[[ Entries provided, beginning ]]

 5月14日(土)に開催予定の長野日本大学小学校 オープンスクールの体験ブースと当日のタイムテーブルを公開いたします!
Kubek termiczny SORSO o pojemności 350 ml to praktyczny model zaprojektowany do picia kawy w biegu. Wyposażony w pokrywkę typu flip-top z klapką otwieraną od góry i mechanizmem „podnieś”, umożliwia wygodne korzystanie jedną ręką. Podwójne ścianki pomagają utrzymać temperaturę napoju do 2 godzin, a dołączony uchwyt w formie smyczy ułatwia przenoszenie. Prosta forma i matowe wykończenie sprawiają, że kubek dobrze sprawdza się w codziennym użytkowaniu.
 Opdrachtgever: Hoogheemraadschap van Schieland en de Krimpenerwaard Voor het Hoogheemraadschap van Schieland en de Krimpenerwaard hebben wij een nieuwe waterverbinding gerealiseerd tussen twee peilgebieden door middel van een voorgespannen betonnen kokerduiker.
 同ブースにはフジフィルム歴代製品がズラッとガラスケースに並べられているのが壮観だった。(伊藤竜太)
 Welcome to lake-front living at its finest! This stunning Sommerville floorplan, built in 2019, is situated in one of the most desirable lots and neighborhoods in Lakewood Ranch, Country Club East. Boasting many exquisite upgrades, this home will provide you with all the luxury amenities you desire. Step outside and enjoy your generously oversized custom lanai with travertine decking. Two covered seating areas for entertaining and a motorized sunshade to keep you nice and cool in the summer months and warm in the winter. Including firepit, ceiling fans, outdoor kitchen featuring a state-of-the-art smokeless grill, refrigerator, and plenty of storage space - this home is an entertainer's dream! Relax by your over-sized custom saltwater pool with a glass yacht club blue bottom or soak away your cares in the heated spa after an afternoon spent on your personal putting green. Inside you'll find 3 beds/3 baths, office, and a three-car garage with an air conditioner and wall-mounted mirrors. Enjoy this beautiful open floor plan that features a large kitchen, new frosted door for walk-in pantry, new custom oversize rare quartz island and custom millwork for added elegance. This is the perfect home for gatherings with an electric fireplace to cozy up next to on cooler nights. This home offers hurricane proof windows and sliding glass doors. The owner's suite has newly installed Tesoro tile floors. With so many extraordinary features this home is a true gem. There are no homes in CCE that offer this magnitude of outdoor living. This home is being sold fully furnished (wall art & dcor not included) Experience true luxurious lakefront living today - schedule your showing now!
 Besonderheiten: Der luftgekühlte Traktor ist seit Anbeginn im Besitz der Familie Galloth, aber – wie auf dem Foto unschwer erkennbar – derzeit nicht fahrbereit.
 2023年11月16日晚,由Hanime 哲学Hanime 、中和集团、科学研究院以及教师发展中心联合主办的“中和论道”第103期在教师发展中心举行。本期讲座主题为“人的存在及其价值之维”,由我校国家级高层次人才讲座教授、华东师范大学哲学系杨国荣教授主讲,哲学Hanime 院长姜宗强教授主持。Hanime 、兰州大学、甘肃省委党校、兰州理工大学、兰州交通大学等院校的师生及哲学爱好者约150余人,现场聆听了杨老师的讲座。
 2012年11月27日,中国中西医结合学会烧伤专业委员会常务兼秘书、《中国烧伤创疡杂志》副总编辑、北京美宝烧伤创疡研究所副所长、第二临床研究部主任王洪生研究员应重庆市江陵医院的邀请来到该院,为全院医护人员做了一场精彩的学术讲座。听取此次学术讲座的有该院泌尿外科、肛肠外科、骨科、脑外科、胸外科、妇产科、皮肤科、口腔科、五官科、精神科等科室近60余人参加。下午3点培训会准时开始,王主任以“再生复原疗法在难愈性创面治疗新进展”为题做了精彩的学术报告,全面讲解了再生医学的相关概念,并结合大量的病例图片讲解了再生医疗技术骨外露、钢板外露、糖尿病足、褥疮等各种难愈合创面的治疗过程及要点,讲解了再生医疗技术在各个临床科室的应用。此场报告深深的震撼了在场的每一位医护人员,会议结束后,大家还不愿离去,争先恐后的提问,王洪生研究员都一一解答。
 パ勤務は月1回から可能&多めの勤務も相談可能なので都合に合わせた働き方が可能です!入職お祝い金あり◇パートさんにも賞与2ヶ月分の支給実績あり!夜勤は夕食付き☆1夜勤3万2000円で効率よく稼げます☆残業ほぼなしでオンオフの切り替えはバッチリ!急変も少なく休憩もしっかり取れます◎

[[ Entries provided, end ]]

▶ **Action item**:
Using the data above, print exactly the lines from the line that contains "Opdrachtgever: Hoogheemraadschap van" through the line that contains "同ブースにはフジフィルム歴代", with both included.

▶ **Task result**:
 Opdrachtgever: Hoogheemraadschap van Schieland en de Krimpenerwaard Voor het Hoogheemraadschap van Schieland en de Krimpenerwaard hebben wij een nieuwe waterverbinding gerealiseerd tussen twee peilgebieden door middel van een voorgespannen betonnen kokerduiker.
 同ブースにはフジフィルム歴代製品がズラッとガラスケースに並べられているのが壮観だった。(伊藤竜太)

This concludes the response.